What leaps out from this list is a King Corbyn Runnymeded over by Union Barons. It’s not a list of Marxism or radical socialism at all. If there were any tanks on the lawn they didn’t fire a shot. The beer and sandwiches gulped down with greedy wild eyed relish last weekend.
Don’t confuse british trade unionism with socialism, Marxism, anarchism or anything faintly interesting and radical, merely inflating the public sector, state funded infrastructure projects, standing at football matches, and having lots of bank holidays to have a rally around a hotdog van somewhere.
In the reality away from Pb.com 21st Nov 2019 was a bleak day for Marxism and socialism.
2019, it looks like the overall view is the Labour manifesto is fantasy bullshit, which they have zero competence to deliver.
Surely Boris will come up with something popular and plausible on Sunday.
Sherelle Jacobs is the journo who 'went viral' following a Sky News interview earlier this year (which seems like about a decade ago).

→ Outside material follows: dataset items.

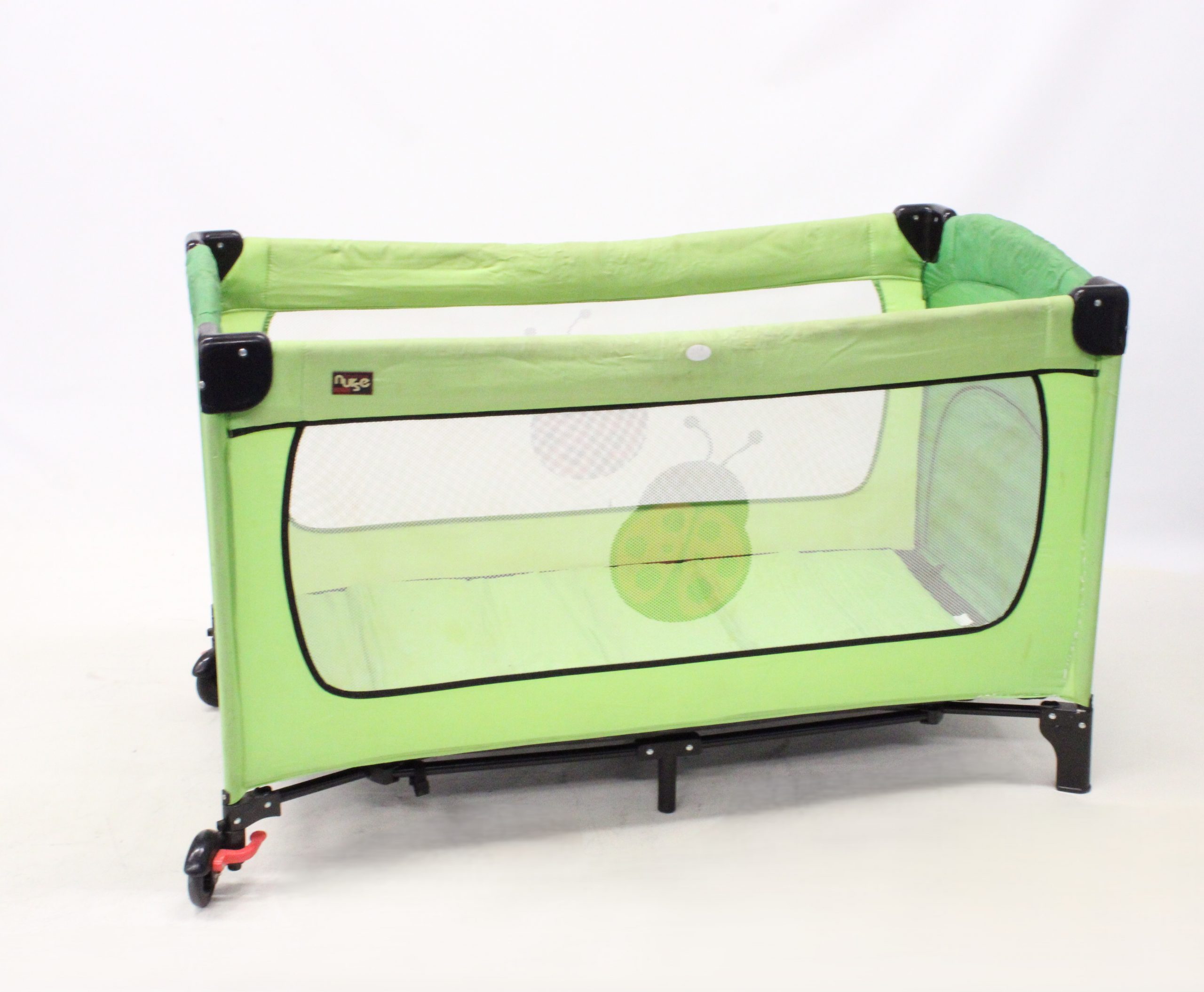 Cuna de viaje portatil de la marca Nurse que se puede plegar para facilitar el transporte y almacenamiento en color verde y marron
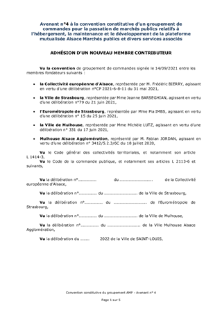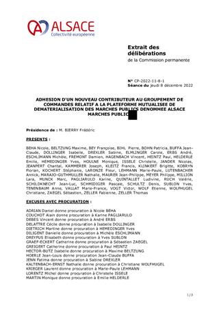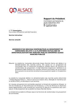La plateforme mutualisée dénommée Alsace Marchés Publics est dédiée à la dématérialisation des marchés publics. Elle repose sur un groupement de commandes dont la Collectivité européenne d'Alsace assure les fonctions de coordonnateur du groupement. Il s'agit désormais d'approuver l'adhésion à ce groupement déjà constitué d'un nouveau membre contributeur par la conclusion d'un avenant à la convention constitutive du groupement signée le 14 septembre 2021.
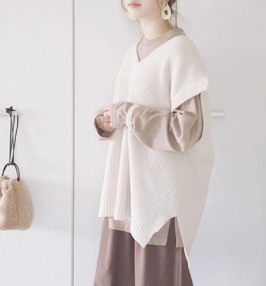 ベストも春夏に使いたいおすすめアイテム。オーバーサイズのレイヤードがイマドキバランスです。レイヤードコーデはワントーンでまとめるとすっきり見せることができますよ。暑い時期はベストのみで腕を出しての着こなしもおすすめです。
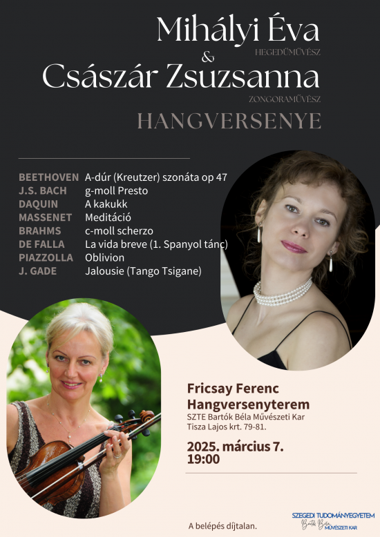 A Szegedi Tudományegyetem Bartók Béla Művészeti Karának kiváló művész oktatói, Császár Zsuzsanna (zongoraművész) és Mihályi Éva (hegedűművész) közös hangversennyel várják a klasszikus zene szerelmeseit. Az esemény péntek este 19 órakor kezdődik, az SZTE BBMK Fricsay Ferenc Hangversenytermében.
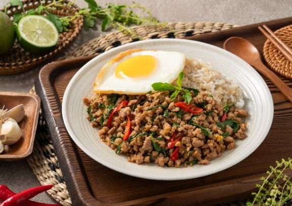 - 必點選單: 打拋豬肉飯、酸辣海鮮湯、綠咖哩雞、金錢蝦餅。
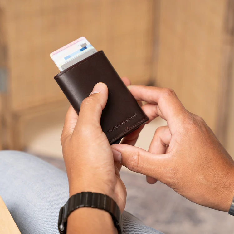 Chesterfield kortaveski Lancaster með RFID vörn Dökk Brúnt

https://www.theguardian.com/commentisfree/2019/mar/30/me-and-the-woman-in-the-pink-coat
https://labour.org.uk/wp-content/uploads/2019/11/Funding-Real-Change-2019.pdf
Labour percentages since 1945:
81.4
82.3
83.2
82.1
83.0
85.3
80.7
82.8
76.5
69.6
59.3
67.0
66.3
70.8
71.9
70.6
65.4
58.8
46.8
51.3
56.0
History would seem be against the Canadians.
The Conservatives have a massive job on their hands getting it through to people that the vast majority will be paying more - both in higher taxes and also (and perhaps more importantly) in higher interest rates.
How many 1st time buyers are looking forward to going into negative equity? Yet most people appear blissfully unaware of what is coming if Lab wins.
Seems to be set to encourage private health insurance takeup by companies. Unless I'm missing something here...
I think your Guildford friends are right, though they will not like the cultural cringe of Brexit, they will remain prosperous. Sunderland will enjoy the sovereignty of the dole queue.
And claims Boris campaigns better than May is laughable so far.
https://labour.org.uk/wp-content/uploads/2019/11/Real-Change-Labour-Manifesto-2019.pdf
Who knows how they are in fact going down amongst the wider public when people can’t even agree on what a specific audience think.